Assignment: The copy has to match the data exactly and leave out every picture.

Data for the task:

>>

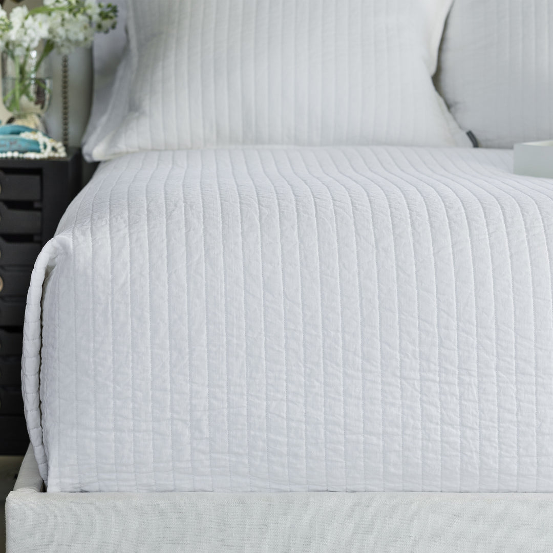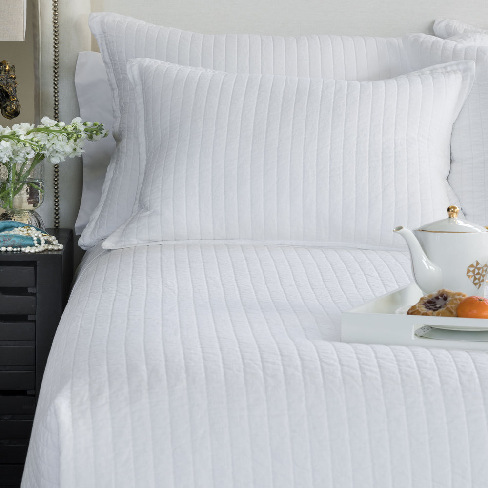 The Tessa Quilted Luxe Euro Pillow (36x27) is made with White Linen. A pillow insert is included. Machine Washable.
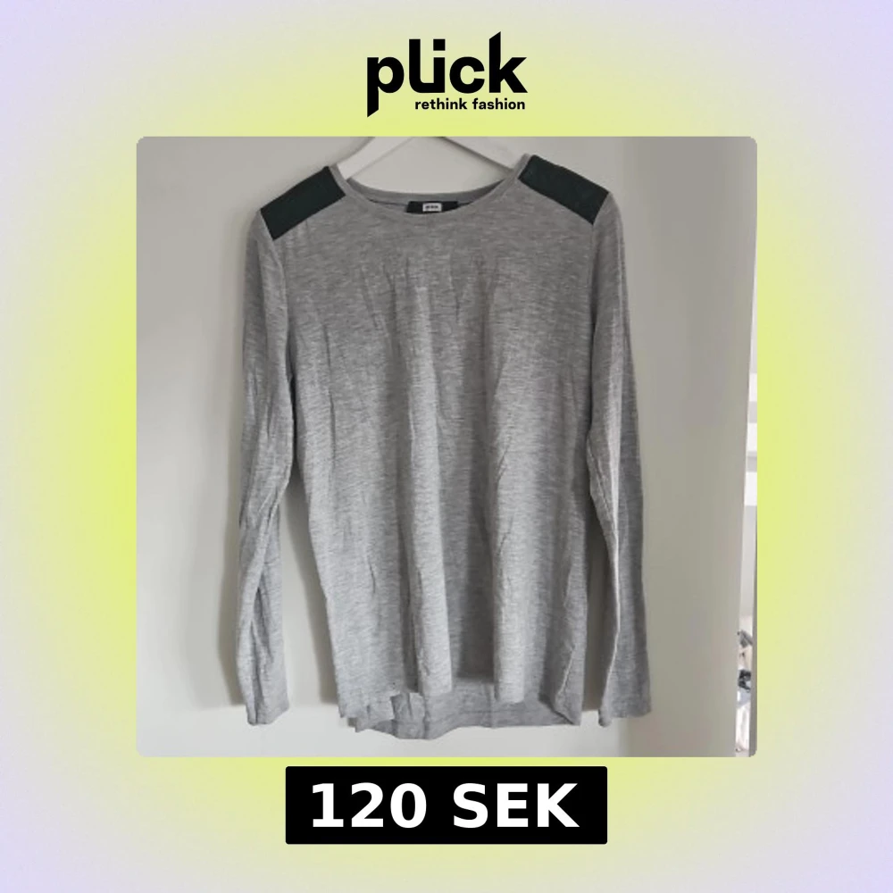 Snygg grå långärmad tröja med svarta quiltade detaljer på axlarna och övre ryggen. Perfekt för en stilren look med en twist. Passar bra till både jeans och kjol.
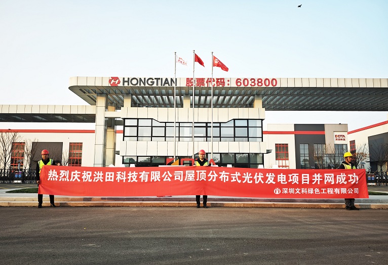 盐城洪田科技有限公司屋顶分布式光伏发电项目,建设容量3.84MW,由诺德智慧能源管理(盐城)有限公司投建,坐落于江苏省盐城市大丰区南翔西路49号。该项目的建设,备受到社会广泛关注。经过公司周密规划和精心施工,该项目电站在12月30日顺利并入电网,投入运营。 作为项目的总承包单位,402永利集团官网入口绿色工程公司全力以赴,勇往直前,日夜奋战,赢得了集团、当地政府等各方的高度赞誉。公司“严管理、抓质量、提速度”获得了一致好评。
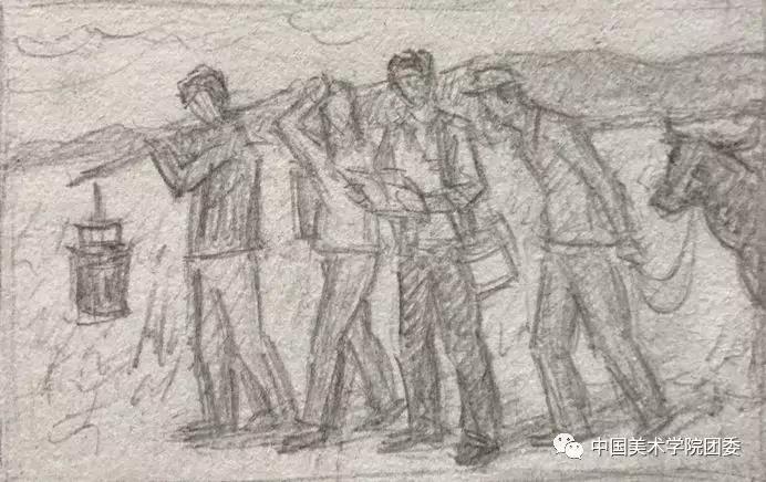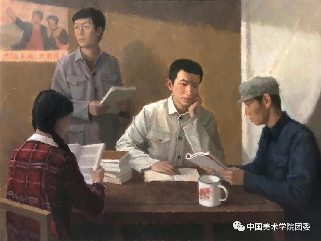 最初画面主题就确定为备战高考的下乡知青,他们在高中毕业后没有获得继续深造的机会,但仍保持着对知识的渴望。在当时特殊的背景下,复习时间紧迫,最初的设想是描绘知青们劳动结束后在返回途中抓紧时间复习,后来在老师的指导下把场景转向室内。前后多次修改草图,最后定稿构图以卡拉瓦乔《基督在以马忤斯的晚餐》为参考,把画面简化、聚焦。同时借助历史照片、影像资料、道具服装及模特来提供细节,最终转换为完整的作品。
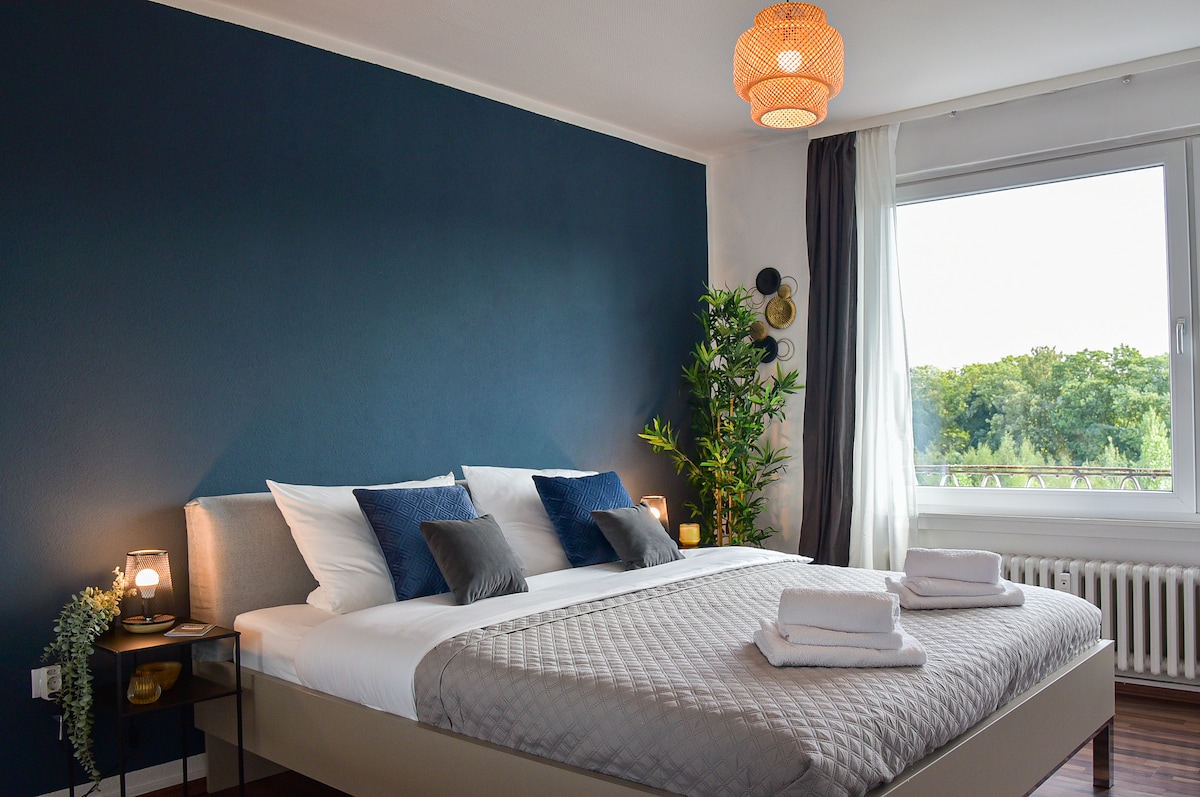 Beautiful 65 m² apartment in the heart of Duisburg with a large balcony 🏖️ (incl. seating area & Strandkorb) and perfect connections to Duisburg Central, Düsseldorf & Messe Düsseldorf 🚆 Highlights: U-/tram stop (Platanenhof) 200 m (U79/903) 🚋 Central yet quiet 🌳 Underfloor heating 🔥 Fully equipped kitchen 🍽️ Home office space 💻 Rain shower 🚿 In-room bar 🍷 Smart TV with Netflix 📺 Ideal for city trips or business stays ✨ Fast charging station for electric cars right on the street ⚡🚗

<<

Answer to the problem:
 The Tessa Quilted Luxe Euro Pillow (36x27) is made with White Linen. A pillow insert is included. Machine Washable.
 Snygg grå långärmad tröja med svarta quiltade detaljer på axlarna och övre ryggen. Perfekt för en stilren look med en twist. Passar bra till både jeans och kjol.
 盐城洪田科技有限公司屋顶分布式光伏发电项目,建设容量3.84MW,由诺德智慧能源管理(盐城)有限公司投建,坐落于江苏省盐城市大丰区南翔西路49号。该项目的建设,备受到社会广泛关注。经过公司周密规划和精心施工,该项目电站在12月30日顺利并入电网,投入运营。 作为项目的总承包单位,402永利集团官网入口绿色工程公司全力以赴,勇往直前,日夜奋战,赢得了集团、当地政府等各方的高度赞誉。公司“严管理、抓质量、提速度”获得了一致好评。
 最初画面主题就确定为备战高考的下乡知青,他们在高中毕业后没有获得继续深造的机会,但仍保持着对知识的渴望。在当时特殊的背景下,复习时间紧迫,最初的设想是描绘知青们劳动结束后在返回途中抓紧时间复习,后来在老师的指导下把场景转向室内。前后多次修改草图,最后定稿构图以卡拉瓦乔《基督在以马忤斯的晚餐》为参考,把画面简化、聚焦。同时借助历史照片、影像资料、道具服装及模特来提供细节,最终转换为完整的作品。
 Beautiful 65 m² apartment in the heart of Duisburg with a large balcony 🏖️ (incl. seating area & Strandkorb) and perfect connections to Duisburg Central, Düsseldorf & Messe Düsseldorf 🚆 Highlights: U-/tram stop (Platanenhof) 200 m (U79/903) 🚋 Central yet quiet 🌳 Underfloor heating 🔥 Fully equipped kitchen 🍽️ Home office space 💻 Rain shower 🚿 In-room bar 🍷 Smart TV with Netflix 📺 Ideal for city trips or business stays ✨ Fast charging station for electric cars right on the street ⚡🚗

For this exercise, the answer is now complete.